··· Data excerpts

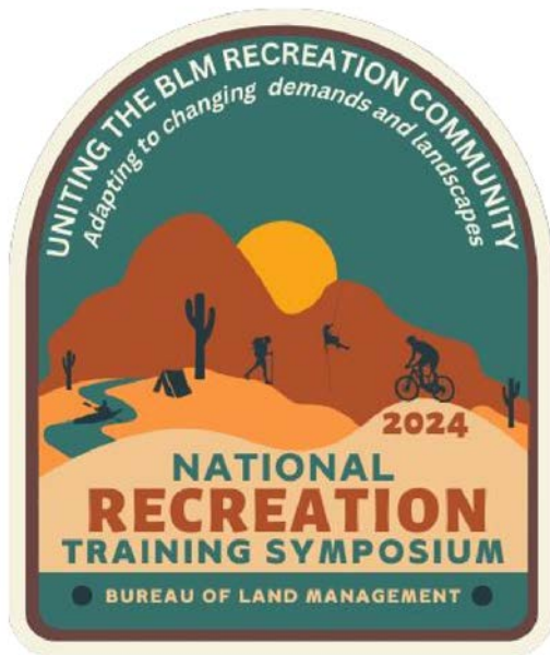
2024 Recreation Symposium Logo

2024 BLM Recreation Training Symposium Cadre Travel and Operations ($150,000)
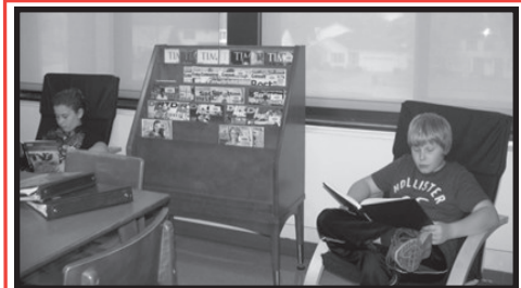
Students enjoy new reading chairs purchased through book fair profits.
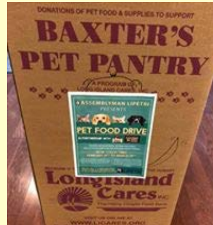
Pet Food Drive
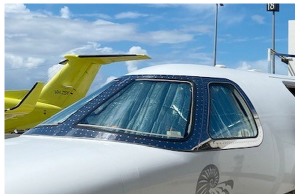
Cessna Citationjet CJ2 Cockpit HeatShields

······

> Work instruction
If a line in the records contains the word "Recreation", copy it out.

> Solution to the exercise
2024 Recreation Symposium Logo
2024 BLM Recreation Training Symposium Cadre Travel and Operations ($150,000)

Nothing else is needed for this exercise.